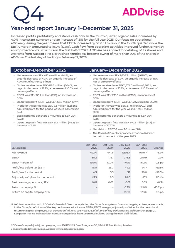 Increased profits, profitability and stable cash flow. In the fourth quarter, organic sales increased by 4.0% in constant currency and an increase of 1.5% for the full year 2025. Our focus on operational efficiency during the year means that EBITA increased by SEK 5.1 million in the fourth quarter, while the EBITA margin amounted to 19.0% (17.0%). Cash flow from operating activities improved further, driven by an improved capital structure in the first half of 2025. ADDvise has applied for delisting of its shares and warrants from Nasdaq First North since Amplex AB became owner of more than 90% of the shares in ADDvise. The last day of trading is February 17, 2026.
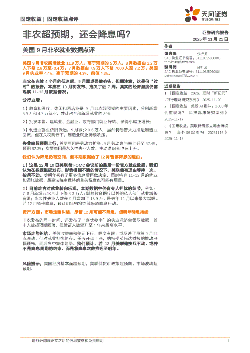 天风证券-美国9月非农就业数据点评:非农超预期,还会降息吗?-251121
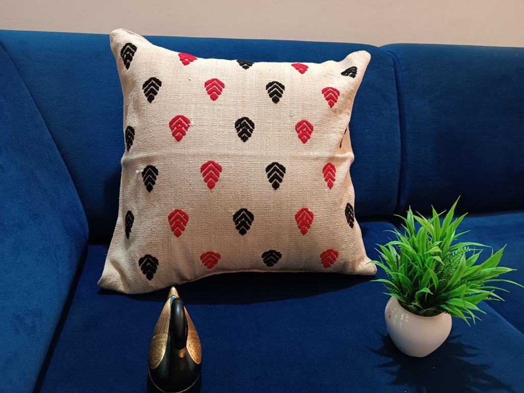 Bring warmth and elegance to your living space with this handloom cotton cushion cover, skillfully woven by traditional artisans. Made from breathable cotton, it offers comfort along with durability for everyday use. The handcrafted texture and timeless design add a charming accent to sofas, chairs, or beds, making it a perfect blend of style, sustainability, and artisanal craftsmanship.
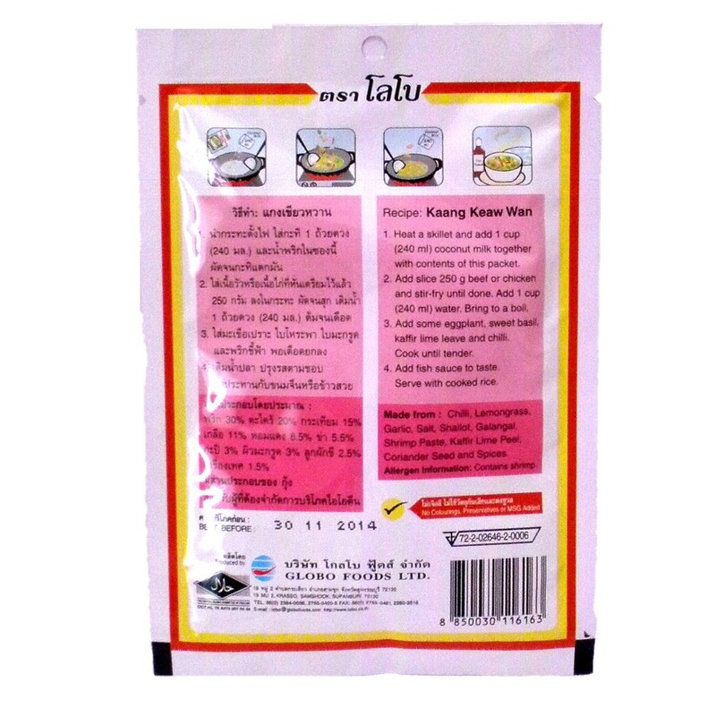 Lobo Green Curry Paste 1.76oz. (3 Sachets)

_THE PROBLEM:_
Starting with the line that holds "Bring warmth and", retype each line through the last one in the listing above, exactly as written. Do not copy any pictures.

_EXERCISE RESPONSE:_
 Bring warmth and elegance to your living space with this handloom cotton cushion cover, skillfully woven by traditional artisans. Made from breathable cotton, it offers comfort along with durability for everyday use. The handcrafted texture and timeless design add a charming accent to sofas, chairs, or beds, making it a perfect blend of style, sustainability, and artisanal craftsmanship.
 Lobo Green Curry Paste 1.76oz. (3 Sachets)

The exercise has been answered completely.